18F-FDG PET/CT was performed at baseline before NAC and/or before surgery and all patients fasted for at least 6 h before 18F FDG administration, which was confirmed by serum glucose concentration (less than 150 mg/dl). All imaging studies were obtained with a hybrid PET/CT scanner and PET data were reconstructed iteratively according to the standard procedure described previously [23]. The SUV was defined as:

Tracer concentration [kBq/mL] / injected activity [kBq]/patient body weight [g].

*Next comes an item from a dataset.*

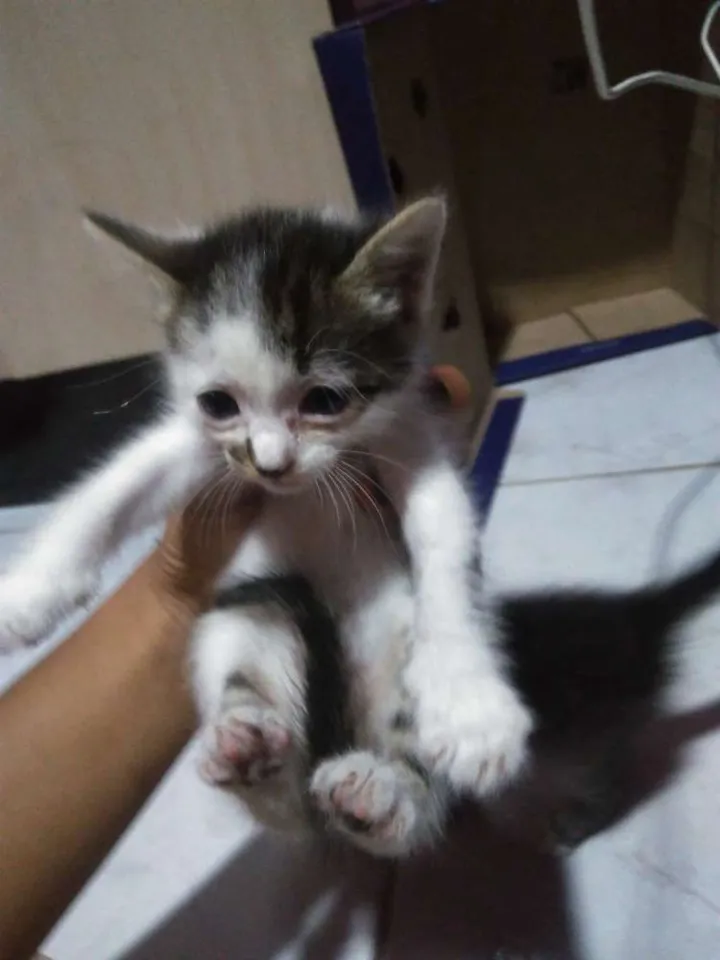 Encontrei esse gatinho na rua de casa mas infelizmente não posso ficar com ele pois já tenho 2 cachorros e 2 gatos. Espero que alguém acolha ele em seu lar, antes que eu tenha que levá-lo embora. Por favor salvem ele !!!!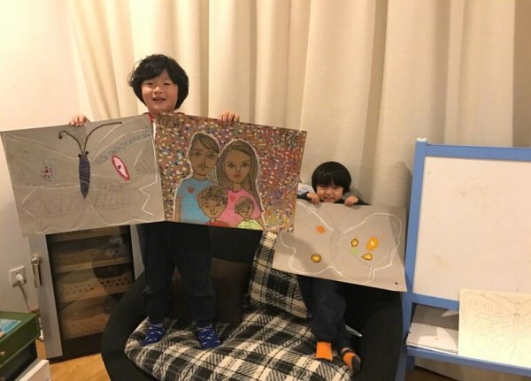 4月12日晚,邹市明之妻冉莹颖在社交媒体晒出爱子轩轩和皓皓作画的图片。

The SUVmax on 18F-FDG-PET imaging was measured for both breast and axilla by two experienced nuclear medicine physicians, but only SUVmax of the primary breast tumor (pSUVmax) was used in analyzing the relationship with pCR and other clinical outcomes, as SUVmax of the axilla correlated with clinical N stage. We defined axillary lymph nodes as not detected (ND) in cases with clinically negative nodes or discordance with other images or pathological findings.

Statistical analysis

Data are presented as numbers (%) or mean ± standard deviation unless otherwise stated. To evaluate the association of pSUVmax with variable parameters, subjects were divided into two groups based on the mean value of pSUVmax. Frequencies were compared using the chi-square test for categorical variables, and logistic regression models were used for identifying predictive factors for pCR among expected clinical and pathological variables including pSUVmax. Relapses were categorized as local, regional, and systemic recurrence, and invasive disease-free survival (IDFS) was calculated as the time between the date of diagnosis to the date of systemic recurrence and analyzed by the Kaplan-Meier method; the differences were assessed using the log-rank test, and each hazard ratio (HR) and 95% confidence interval (CI) was calculated using a cox-regression analysis. Receiver-operating characteristic (ROC) analysis was performed to determine the optimal cutoff value of pSUVmax in predicting pCR.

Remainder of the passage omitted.